→ **Data provided**:
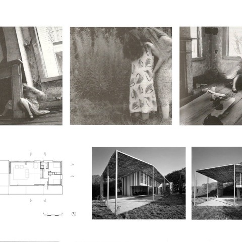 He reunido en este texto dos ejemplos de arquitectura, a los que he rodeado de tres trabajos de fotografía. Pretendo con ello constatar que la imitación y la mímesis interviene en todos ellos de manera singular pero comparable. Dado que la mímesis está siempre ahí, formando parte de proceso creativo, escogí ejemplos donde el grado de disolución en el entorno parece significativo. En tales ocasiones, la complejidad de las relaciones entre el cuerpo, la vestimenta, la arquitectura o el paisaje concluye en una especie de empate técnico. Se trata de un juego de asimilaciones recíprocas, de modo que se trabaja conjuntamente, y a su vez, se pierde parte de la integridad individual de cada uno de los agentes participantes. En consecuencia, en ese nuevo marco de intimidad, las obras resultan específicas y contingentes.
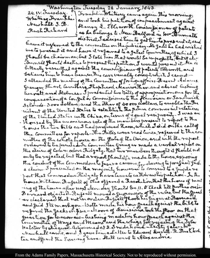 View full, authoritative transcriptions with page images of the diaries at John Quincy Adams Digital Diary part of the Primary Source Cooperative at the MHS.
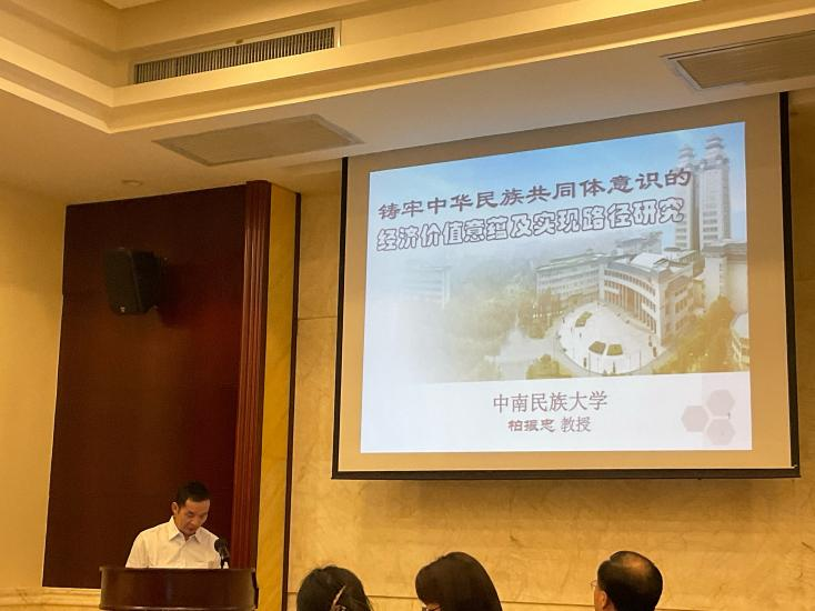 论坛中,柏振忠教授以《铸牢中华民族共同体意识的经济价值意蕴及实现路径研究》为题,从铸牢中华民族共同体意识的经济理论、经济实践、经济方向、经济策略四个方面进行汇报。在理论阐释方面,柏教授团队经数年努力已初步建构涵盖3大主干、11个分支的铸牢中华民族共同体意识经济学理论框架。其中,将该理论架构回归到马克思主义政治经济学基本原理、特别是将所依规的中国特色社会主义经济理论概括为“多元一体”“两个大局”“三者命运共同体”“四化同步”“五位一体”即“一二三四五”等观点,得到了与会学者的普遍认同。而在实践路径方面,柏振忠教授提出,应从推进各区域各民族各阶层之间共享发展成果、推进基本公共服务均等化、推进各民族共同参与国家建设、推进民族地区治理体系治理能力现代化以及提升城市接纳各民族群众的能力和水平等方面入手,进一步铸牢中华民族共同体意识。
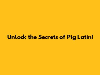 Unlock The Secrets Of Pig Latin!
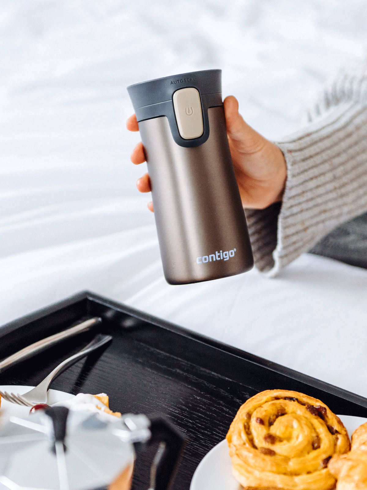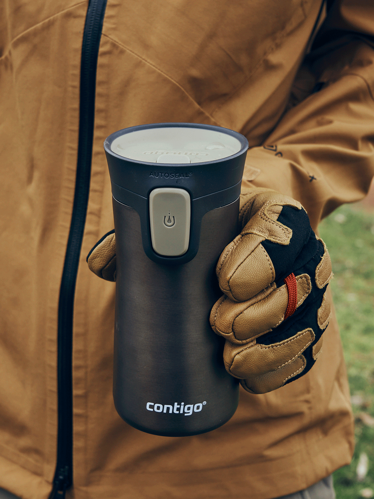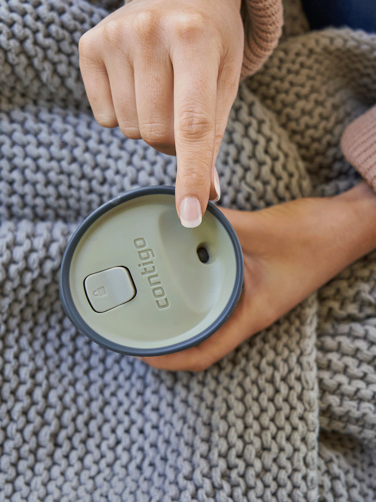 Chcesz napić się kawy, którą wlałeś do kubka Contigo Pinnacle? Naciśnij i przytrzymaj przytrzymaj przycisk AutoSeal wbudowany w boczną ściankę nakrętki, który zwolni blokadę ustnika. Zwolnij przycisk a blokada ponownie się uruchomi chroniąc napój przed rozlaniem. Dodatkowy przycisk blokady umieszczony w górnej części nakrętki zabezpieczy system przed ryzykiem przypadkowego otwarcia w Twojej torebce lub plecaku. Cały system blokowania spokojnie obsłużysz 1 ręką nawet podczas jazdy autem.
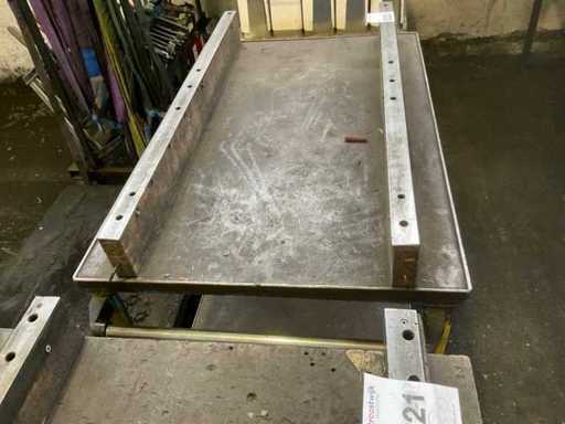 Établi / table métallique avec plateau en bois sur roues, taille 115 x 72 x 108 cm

==

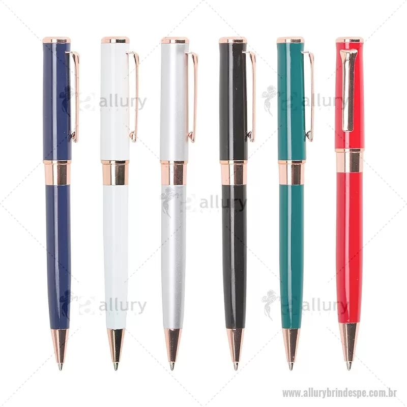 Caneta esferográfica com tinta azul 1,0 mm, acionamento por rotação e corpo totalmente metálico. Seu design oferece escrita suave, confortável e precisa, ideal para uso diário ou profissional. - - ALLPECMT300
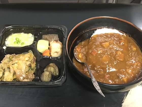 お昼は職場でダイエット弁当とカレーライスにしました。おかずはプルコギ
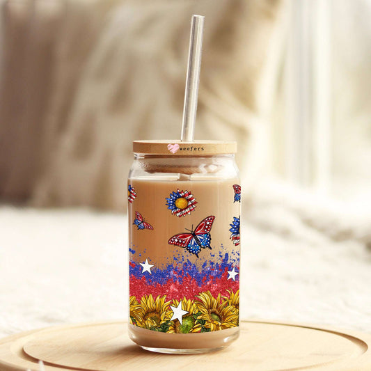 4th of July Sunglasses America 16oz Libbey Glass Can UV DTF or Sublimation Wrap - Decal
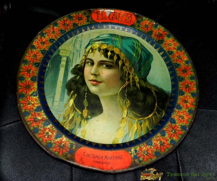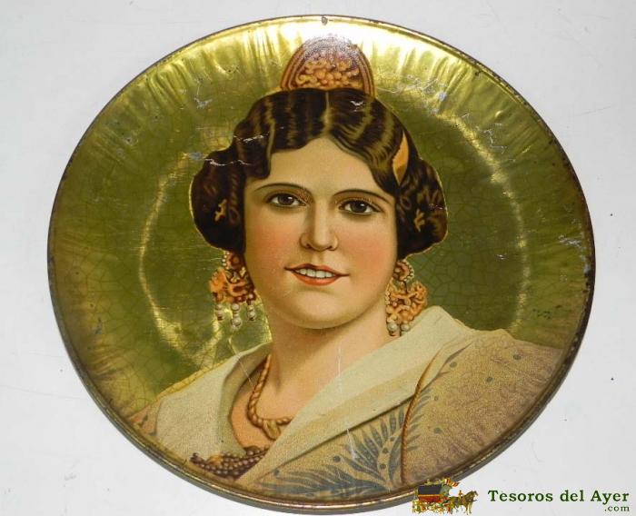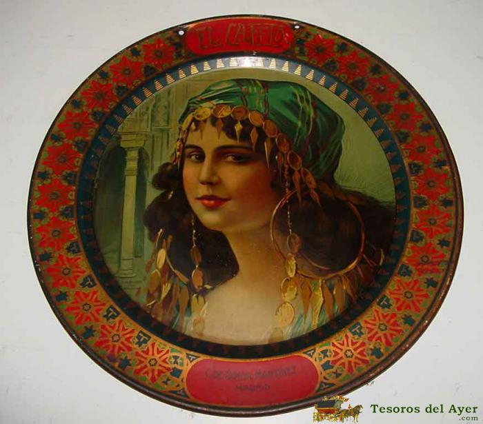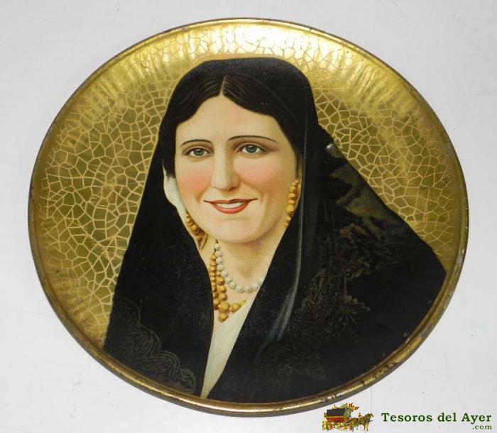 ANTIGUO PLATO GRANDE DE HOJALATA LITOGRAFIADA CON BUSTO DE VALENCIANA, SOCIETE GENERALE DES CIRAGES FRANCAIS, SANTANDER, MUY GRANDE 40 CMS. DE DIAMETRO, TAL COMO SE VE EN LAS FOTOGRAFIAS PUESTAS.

→ **Task requirements**: Going by the entries above, repeat exactly the lines that start at the line with "Caneta esferográfica com" and go on through the line with "ANTIGUO PLATO GRANDE". Pictures are not part of the copy.

→ **Output for this exercise**:
 Caneta esferográfica com tinta azul 1,0 mm, acionamento por rotação e corpo totalmente metálico. Seu design oferece escrita suave, confortável e precisa, ideal para uso diário ou profissional. - - ALLPECMT300
 お昼は職場でダイエット弁当とカレーライスにしました。おかずはプルコギ
 4th of July Sunglasses America 16oz Libbey Glass Can UV DTF or Sublimation Wrap - Decal
 ANTIGUO PLATO GRANDE DE HOJALATA LITOGRAFIADA CON BUSTO DE VALENCIANA, SOCIETE GENERALE DES CIRAGES FRANCAIS, SANTANDER, MUY GRANDE 40 CMS. DE DIAMETRO, TAL COMO SE VE EN LAS FOTOGRAFIAS PUESTAS.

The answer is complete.